AgentCo-op: Retrieval-Based Synthesis of Interoperable Multi-Agent Workflows

AgentCo-op：基于检索的可互操作多智能体工作流合成

Abstract: Designing multi-agent workflows is especially difficult in open-ended scientific settings where tasks lack curated training sets, reliable scalar evaluation metrics, and standardized interfaces between existing tools and agents.

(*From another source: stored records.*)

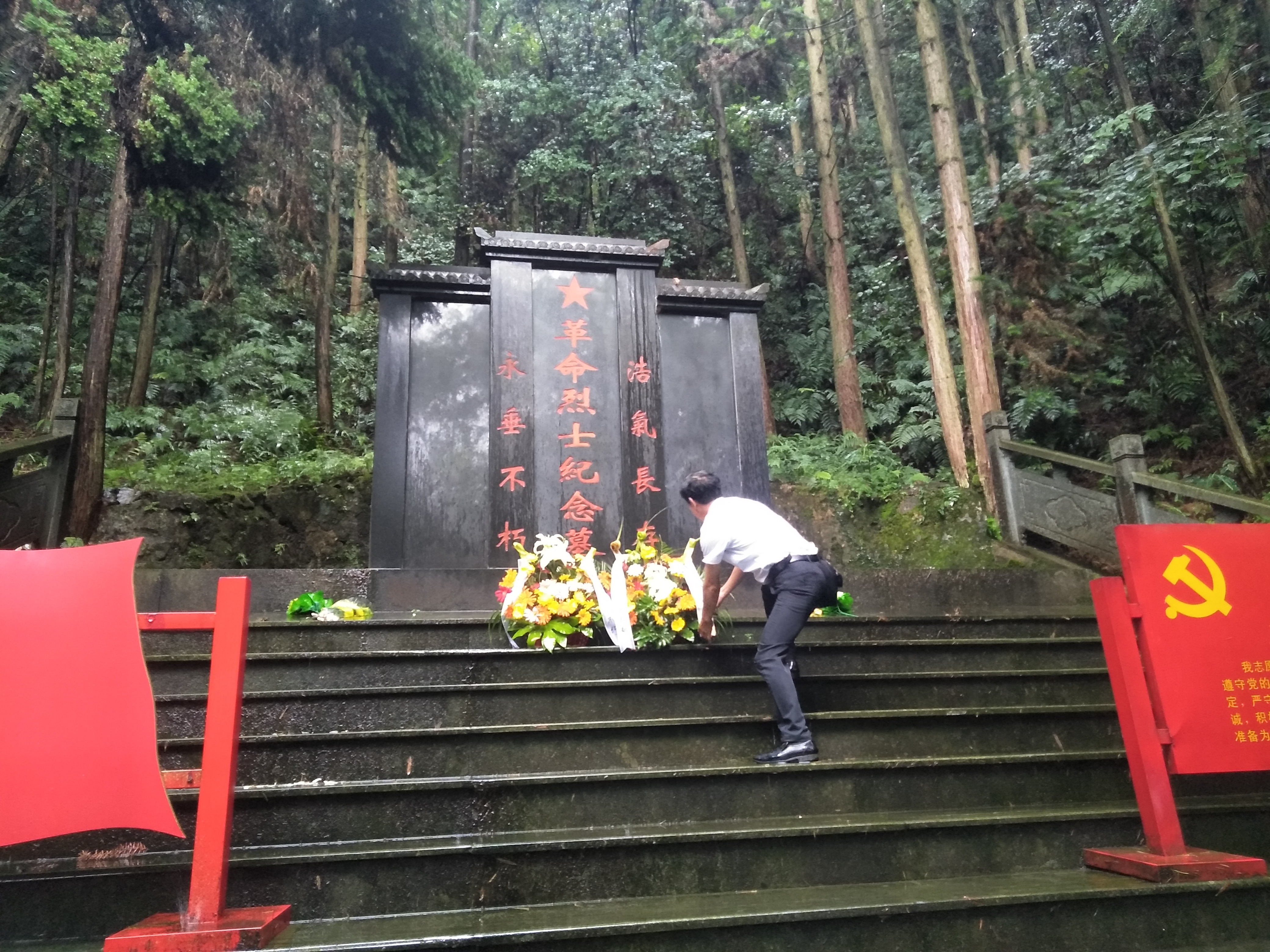 20日中午,參觀人員一行來(lái)到烈士陵園,并由李惠明書(shū)記代表黃山新洲建設(shè)集團(tuán)有限公司黨支部在革命烈士紀(jì)念墓前獻(xiàn)上鮮花,所有人員宣讀入黨誓詞。
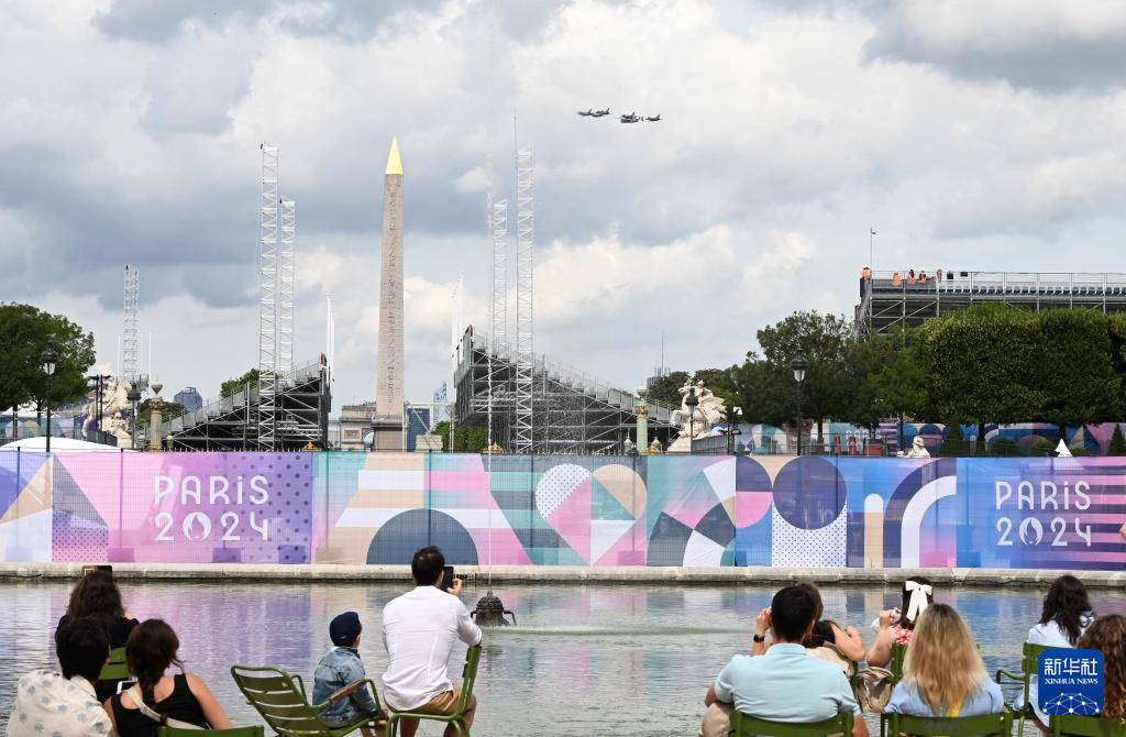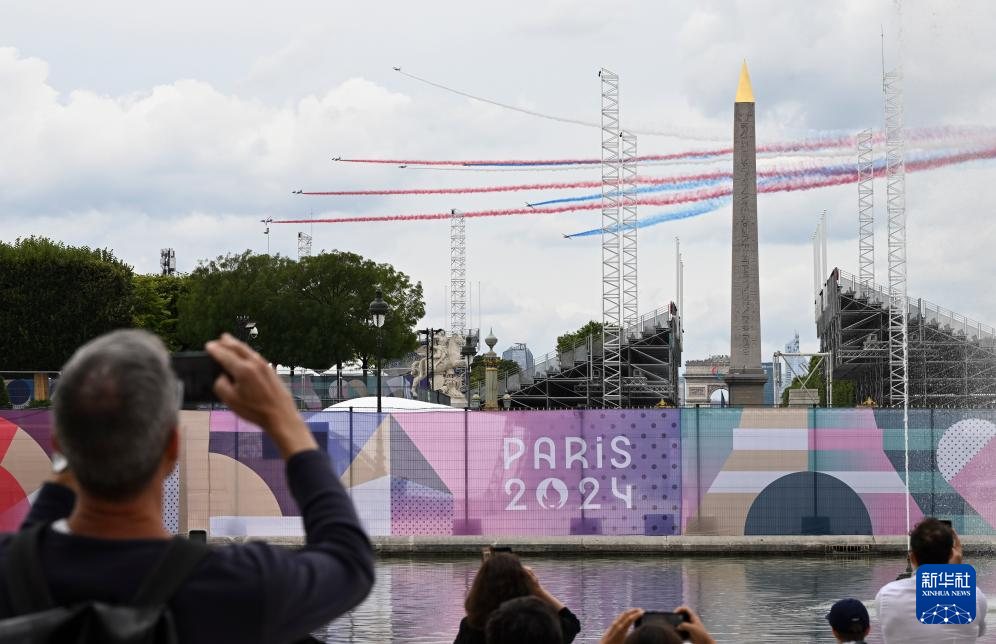 7月14日,觀眾在巴黎協(xié)和廣場觀看法國國慶閱兵式的飛行表演。
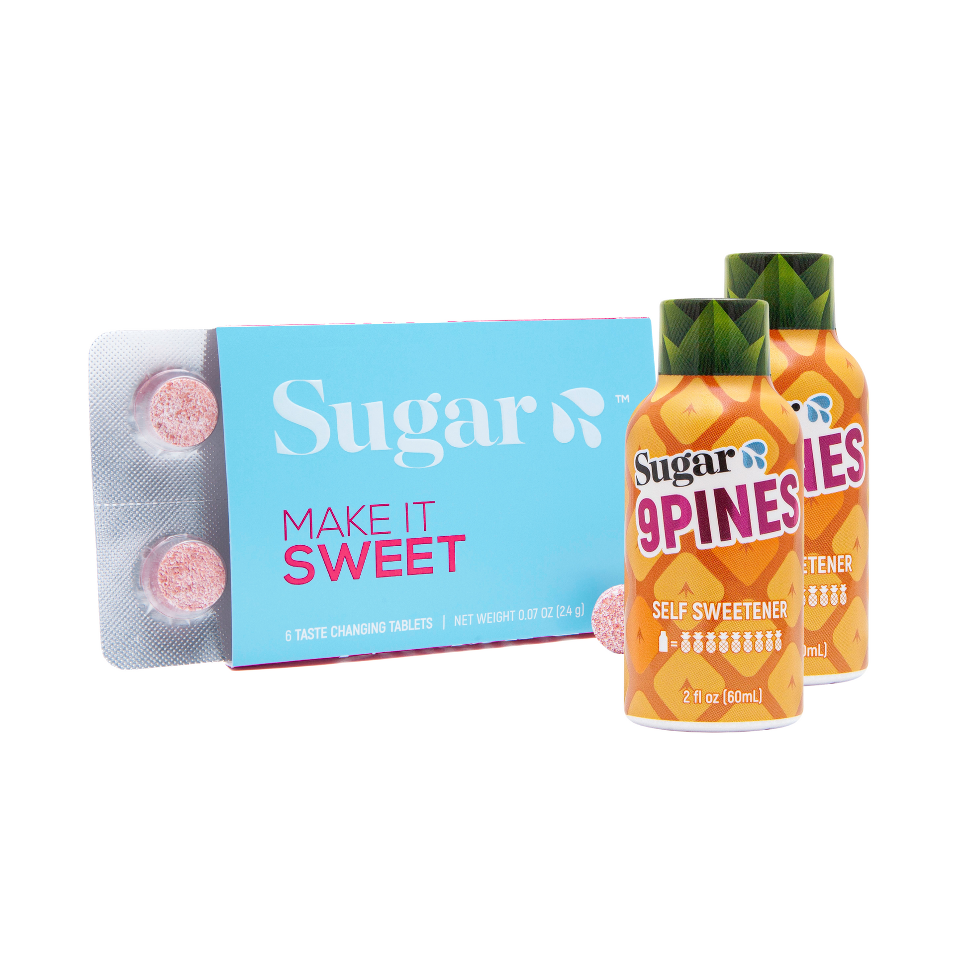 This bundle comes with 1 pack of our Sugar💦 taste changing tablets and 2 9Pines self-sweetening pineapple shots to take things up a notch....

摘要： 在开放式的科学研究环境中，由于任务缺乏精选的训练集、可靠的标量评估指标以及现有工具与智能体之间的标准化接口，设计多智能体工作流变得尤为困难。

We propose AgentCo-op, a retrieval-based synthesis framework that composes reusable skills, tools, and external agents into executable workflows through typed artifact handoffs, then applies bounded self-guided local repair to implicated components when execution evidence indicates failure.

我们提出了 AgentCo-op，这是一个基于检索的合成框架。它通过类型化的工件移交（typed artifact handoffs）将可重用的技能、工具和外部智能体组合成可执行的工作流；当执行证据表明出现故障时，该框架会对相关组件应用有界的自引导局部修复。

In two open-world genomics case studies, AgentCo-op composes independently developed scientific agents and external tool repositories into auditable workflows without redesigning them or running global topology search.

在两个开放世界的基因组学案例研究中，AgentCo-op 将独立开发的科学智能体和外部工具库组合成可审计的工作流，且无需重新设计这些组件或运行全局拓扑搜索。

It coordinates specialized agents for spatial transcriptomics and gene-set interpretation to enable collaborative discovery from spatial transcriptomics data, and builds a parallel workflow for cross-modality marker analysis on single-cell multiome data.

它协调了用于空间转录组学和基因集解释的专业智能体，从而实现了基于空间转录组学数据的协同发现，并为单细胞多组学数据的跨模态标记分析构建了并行工作流。

AgentCo-op can also import a searched workflow as a structural prior and improve it by grounding nodes with retrieved components and applying local repair, showing that synthesis and search are complementary.

AgentCo-op 还可以将搜索到的工作流作为结构先验导入，并通过检索到的组件对节点进行接地（grounding）和应用局部修复来改进工作流，这表明合成与搜索是互补的。

On six coding, math, and question-answering benchmarks, AgentCo-op achieves the best result on four benchmarks and the best average score under a unified backbone setting, while consistently reducing per-task cost relative to multi-agent baselines.

在六个编码、数学和问答基准测试中，AgentCo-op 在四个基准测试中取得了最佳结果，并在统一的主干模型设置下获得了最佳平均分，同时相对于多智能体基准方法，持续降低了单任务成本。

Together, these results suggest that retrieval-based synthesis can extend automated agentic workflow design beyond benchmark-optimized agent graphs to open-world workflows built from existing agents, tools, and typed artifacts.

总之，这些结果表明，基于检索的合成方法可以将自动化智能体工作流设计从基准优化后的智能体图谱，扩展到由现有智能体、工具和类型化工件构建的开放世界工作流中。